- **Task prompt**: What is needed is an exact reproduction of the lines in the records below, starting at the line with "Mitte Oktober veranstaltete" and ending at the line with "Άνθη του φυτού", both included, and nothing else; pictures stay out.

- **Input**:
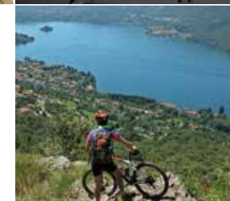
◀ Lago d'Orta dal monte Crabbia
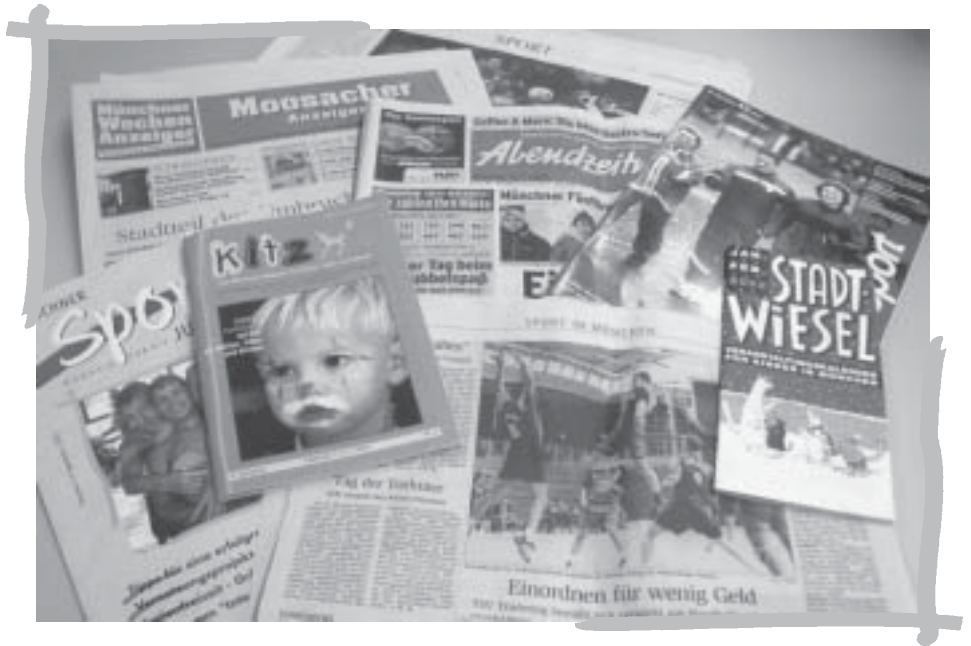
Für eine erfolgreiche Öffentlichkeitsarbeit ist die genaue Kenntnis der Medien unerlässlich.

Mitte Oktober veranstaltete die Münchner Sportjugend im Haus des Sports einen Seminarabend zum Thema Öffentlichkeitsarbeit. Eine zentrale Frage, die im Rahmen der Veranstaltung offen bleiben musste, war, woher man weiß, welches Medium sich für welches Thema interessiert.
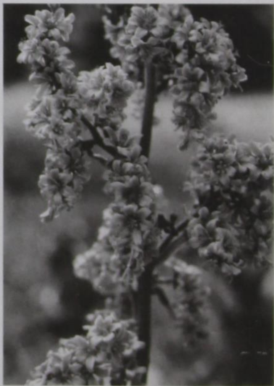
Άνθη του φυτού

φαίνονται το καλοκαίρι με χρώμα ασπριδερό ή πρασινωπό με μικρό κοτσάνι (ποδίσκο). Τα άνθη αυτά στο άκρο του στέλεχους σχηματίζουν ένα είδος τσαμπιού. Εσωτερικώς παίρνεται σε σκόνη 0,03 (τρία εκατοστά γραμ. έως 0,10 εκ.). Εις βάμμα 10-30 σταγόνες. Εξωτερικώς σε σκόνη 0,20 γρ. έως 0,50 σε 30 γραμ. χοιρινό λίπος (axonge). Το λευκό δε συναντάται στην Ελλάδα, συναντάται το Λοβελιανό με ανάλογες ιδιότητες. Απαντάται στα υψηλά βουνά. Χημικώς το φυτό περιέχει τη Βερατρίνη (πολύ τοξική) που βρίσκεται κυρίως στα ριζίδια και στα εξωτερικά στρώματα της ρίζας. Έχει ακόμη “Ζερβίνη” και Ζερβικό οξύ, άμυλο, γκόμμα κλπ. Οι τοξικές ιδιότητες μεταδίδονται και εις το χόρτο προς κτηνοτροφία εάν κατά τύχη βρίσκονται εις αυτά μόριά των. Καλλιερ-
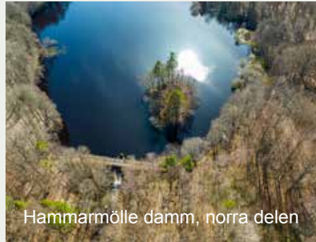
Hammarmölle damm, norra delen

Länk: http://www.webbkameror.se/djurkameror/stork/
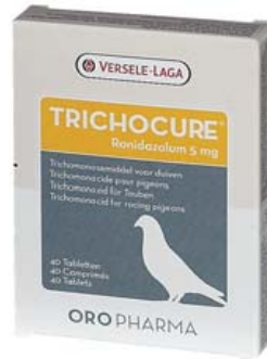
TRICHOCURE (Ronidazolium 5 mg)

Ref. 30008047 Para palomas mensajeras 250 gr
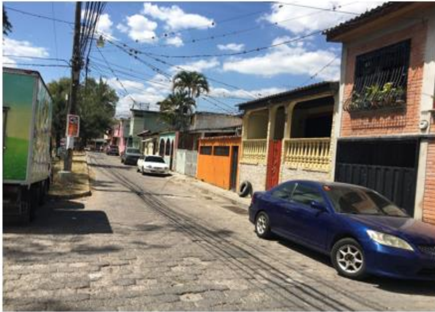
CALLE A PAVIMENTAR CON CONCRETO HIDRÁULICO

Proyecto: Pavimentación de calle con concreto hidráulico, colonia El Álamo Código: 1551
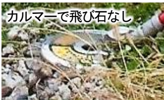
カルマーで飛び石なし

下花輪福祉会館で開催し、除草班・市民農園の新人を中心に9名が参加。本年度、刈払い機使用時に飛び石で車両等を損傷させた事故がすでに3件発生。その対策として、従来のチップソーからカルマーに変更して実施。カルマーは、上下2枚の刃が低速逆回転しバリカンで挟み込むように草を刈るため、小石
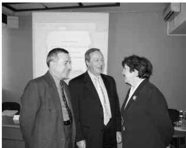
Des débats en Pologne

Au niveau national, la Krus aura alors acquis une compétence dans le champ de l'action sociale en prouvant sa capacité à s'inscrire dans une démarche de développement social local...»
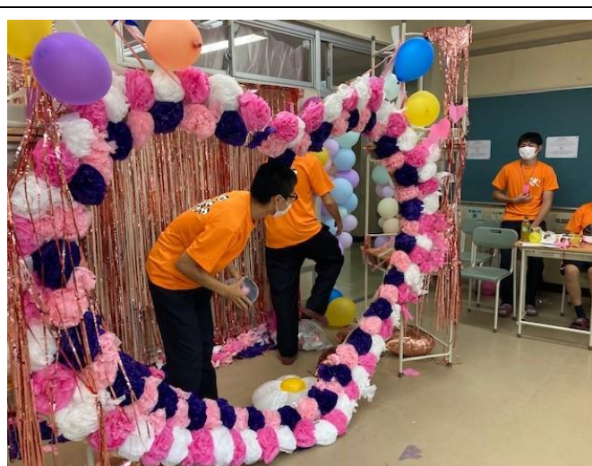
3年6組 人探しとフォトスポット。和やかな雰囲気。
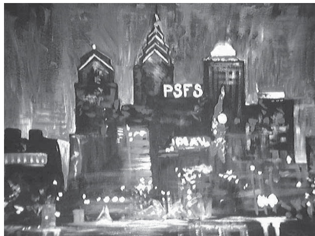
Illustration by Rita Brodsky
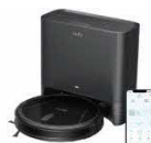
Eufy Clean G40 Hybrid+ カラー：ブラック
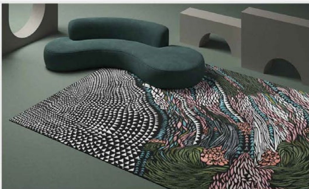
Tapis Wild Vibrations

- **Completed task**:
Mitte Oktober veranstaltete die Münchner Sportjugend im Haus des Sports einen Seminarabend zum Thema Öffentlichkeitsarbeit. Eine zentrale Frage, die im Rahmen der Veranstaltung offen bleiben musste, war, woher man weiß, welches Medium sich für welches Thema interessiert.
Άνθη του φυτού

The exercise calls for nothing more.